Um excuse me but this is a false statement.
Yes, the FCPA (as applied to U.S. business organizations and U.S. citizens, nationals, etc.) is extraterritorial, but as applied to non-U.S. business organizations and non U.S. citizens, etc. the anti-bribery provisions only apply to the extent (generally speaking) the alleged bribery scheme has a U.S. nexus.
The most recent edition of the always informative FCPA Update from Debevoise & Plimpton is here with articles regarding the recent dismissal of the SEC’s FCPA case against Michael Cohen and Vanja Baros (former Och-Ziff executives) as well as recent enforcement actions against Credit Suisse and Beam.
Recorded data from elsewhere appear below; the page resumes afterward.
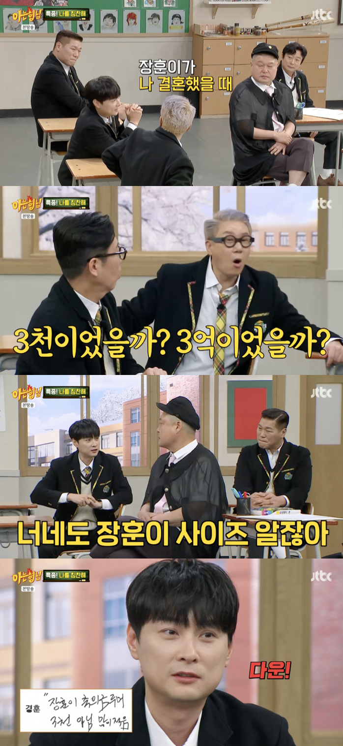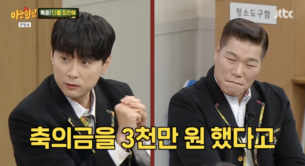 6일 방송된 JTBC 예능 프로그램 '아는 형님' 510회에서는 민경훈이 서장훈이 자신의 결혼식에 3천만 원의 축의금을 냈다는 소문을 바로잡는 모습이 공개됐다.
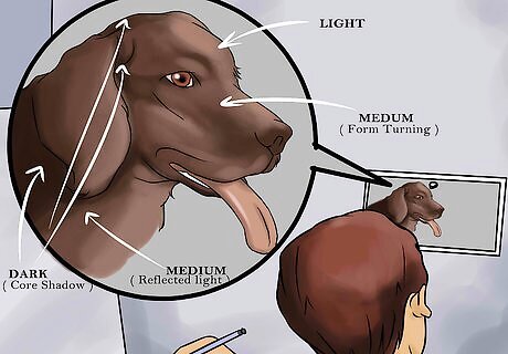 Identify basic light, medium, and dark value areas in the reference. Understanding how light is hitting your subject is the most important factor in making your painting look three-dimensional. Light value areas are most directly facing the light source. There are two types of medium value areas: Planes of the form that are turning away from the light and about to go into shadow. Light is bouncing off of objects behind the subject and hitting them from the opposite side, but much less strongly than the direct light. This is called “reflected light.” Dark value areas are where the least amount of light is shining on the subject because the planes of the form are tangent to the light sources, so they aren’t getting light from either the front or back. They occur between medium value areas and are called “core shadows."
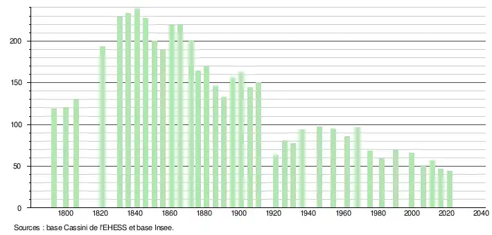 L'évolution du nombre d'habitants est connue à travers les recensements de la population effectués dans la commune depuis 1793. Pour les communes de moins de 10 000 habitants, une enquête de recensement portant sur toute la population est réalisée tous les cinq ans, les populations légales des années intermédiaires étant quant à elles estimées par interpolation ou extrapolation[30]. Pour la commune, le premier recensement exhaustif entrant dans le cadre du nouveau dispositif a été réalisé en 2006[31].
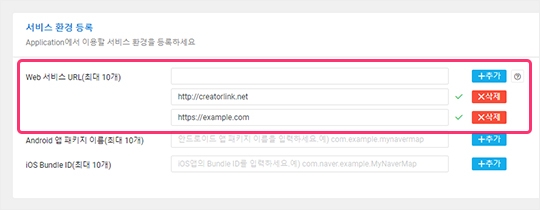 7) 서비스 환경 등록에서 Web 서비스 URL을 등록해 주세요.
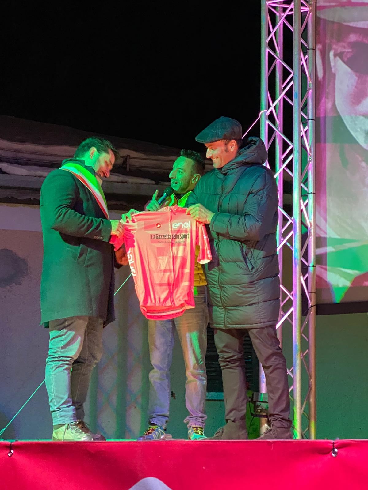 Lo stesso Basso è stato protagonista di un simpatico siparietto con il sindaco terminato con la scommessa sul vincitore della tappa di Cancano: in caso di pronostico azzeccato entrambi faranno in bici la salita all’ombra delle Torri di Fraele. L’ospitalità in questi giorni è stata ricambiata dal campione varesino che ha donato alla cittadinanza una maglia rosa autografata, momento che ha fatto da prologo al tradizionale spettacolo pirotecnico. La serata con il brindisi organizzato dal locale gruppo alpini si è conclusa con un folto numero di persone che ha avuto l’occasione di fotografarsi con il trofeo del Giro e con un disponibilissimo Ivan Basso che non ha mancato di accontentare tifosi e turisti con un immancabile selfie.
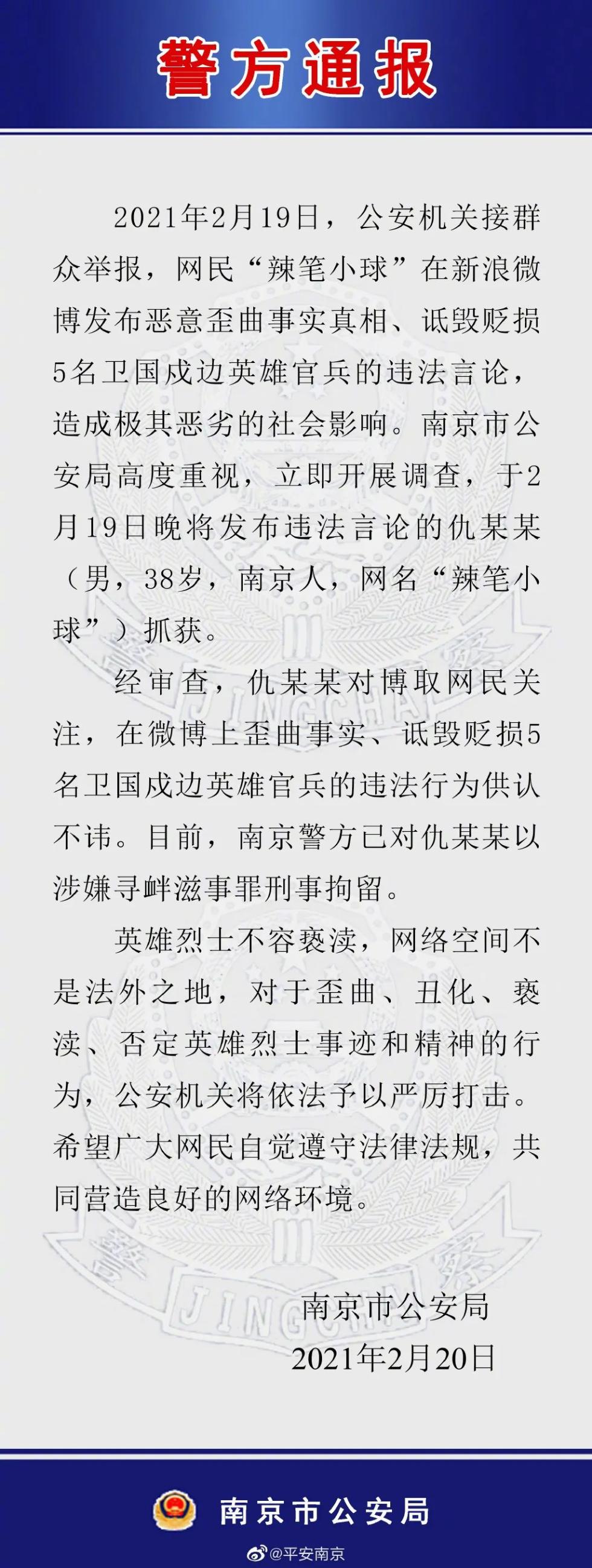 2月19日,公安机关接群众举报,网民“辣笔小球”在新浪微博发布恶意歪曲事实真相、诋毁贬损5名卫国戍边英雄官兵的违法言论,造成极其恶劣的社会影响。南京市公安局高度重视,立即开展调查,于2月19日晚将发布违法言论的仇某某(男,38岁,南京人,网名“辣笔小球”)抓获。

Regarding the former, the Update notes:
“The SEC argued that in a disgorgement action the limitations period should accrue upon receipt of ill-gotten gains, not merely when the underlying conduct took place. The district court so found, however, that the limitations period for an FCPA claim accrues at that point that a violation occurs and not later. Nowhere does the FCPA prohibit the receipt of money or other benefits that are the result of an improper payment. Instead, the FCPA prohibits the use of the means of interstate commerce to offer, promise, or give anything of value to a foreign official. The idea that the limitations period begins with (or that the offense continues through) the receipt of subsequent benefits from a bribe often surfaces in contexts such as the seemingly abandoned “tainted contracts” theory of successor liability and elsewhere. It is useful for companies and counsel to have another judicial decision debunking this mistaken assertion.”
As to the Credit Suisse enforcement action, the Update notes:
“Setting aside the open question of statutory interpretation of the “thing of value” provided “to a foreign official” in such cases, the SEC and DOJ should consider whether guidance found only in lists of remedial measures effectively results in over-regulation of foreign labor markets.”